Risk-on scenario intensifies as global geopolitical tensions arise
Today's session began again in a mood of higher risk aversion due to the Chinese response to the United States with the closure of the consulate in the Chengdu city.
This fact has caused Chinese stock markets to experience steep losses with the HongKong50 index losing more than 2% on the day.
This rise in the degree of risk aversion in the market has been transferred to the rest of the global stock markets that have started the day in the red, highlighting the fall of more than 1% of TECH100 in the futures market, before the opening of the session in the United States.
As we indicated in previous analyzes, this type of specific event of geopolitical tension will continue over time, causing reactions such as the current ones that at the moment can only be considered as technical corrections within a bull market.
The Japanese Yen
The Japanese Yen is the strongest today, becoming the main safe-haven currency, as has been its traditional behavior.

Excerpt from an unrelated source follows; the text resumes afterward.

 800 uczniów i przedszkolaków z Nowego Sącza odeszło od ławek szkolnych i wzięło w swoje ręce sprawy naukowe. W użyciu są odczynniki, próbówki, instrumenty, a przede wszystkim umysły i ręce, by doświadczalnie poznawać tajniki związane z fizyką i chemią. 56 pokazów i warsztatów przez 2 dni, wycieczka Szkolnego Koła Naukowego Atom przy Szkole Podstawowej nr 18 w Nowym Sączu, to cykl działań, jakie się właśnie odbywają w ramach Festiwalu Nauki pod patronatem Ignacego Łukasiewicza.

The US Dollar seems to be losing that status as treasury yields plummet with five years at historic lows at 0.26%.
USD/JPY is approaching the central support zone around 106.00, a level below which it would be heading for more significant losses, at least up to the zone of 104.00, from a technical perspective.
PMI economic figures in Europe have beaten all expectations and show a more positive economic recovery scenario than initially expected.

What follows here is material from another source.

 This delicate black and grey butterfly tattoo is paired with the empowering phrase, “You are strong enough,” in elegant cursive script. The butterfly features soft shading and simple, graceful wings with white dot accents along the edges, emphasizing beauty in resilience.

The statement from the Markit agency, responsible for preparing this economic study, indicates that "Business activity across the Eurozone rose for the first time since February, according to provisional PMI survey data, growing at the sharpest rate for just over two years as economies continued to reopen after lockdowns implemented to prevent the spread of the coronavirus disease 2019 (COVID19) "
Together with the European Commission's stimulus plan, these figures lead market analysts to anticipate higher growth figures in Europe than in the United States for the first time in many years.
This fact substantially increases the interest of financial investors in the single currency. The issuance of a considerable size of European bonds for the first time in its history will attract the attention of significant investment funds and pension funds from all over the world, finding it possible to diversify their risk.
There is already talk in the market that the Euro can become a new safe-haven asset and, in different research pieces published by several of the leading investment banks, point to a valuation of EUR/USD, as a fair value under current conditions, around 1.2000.
At the moment, EUR/USD is making a consolidation movement, after its latest gains, around 1.1600. From a technical perspective, a weekly close above this level would push it towards higher targets in the 1.1800 zone.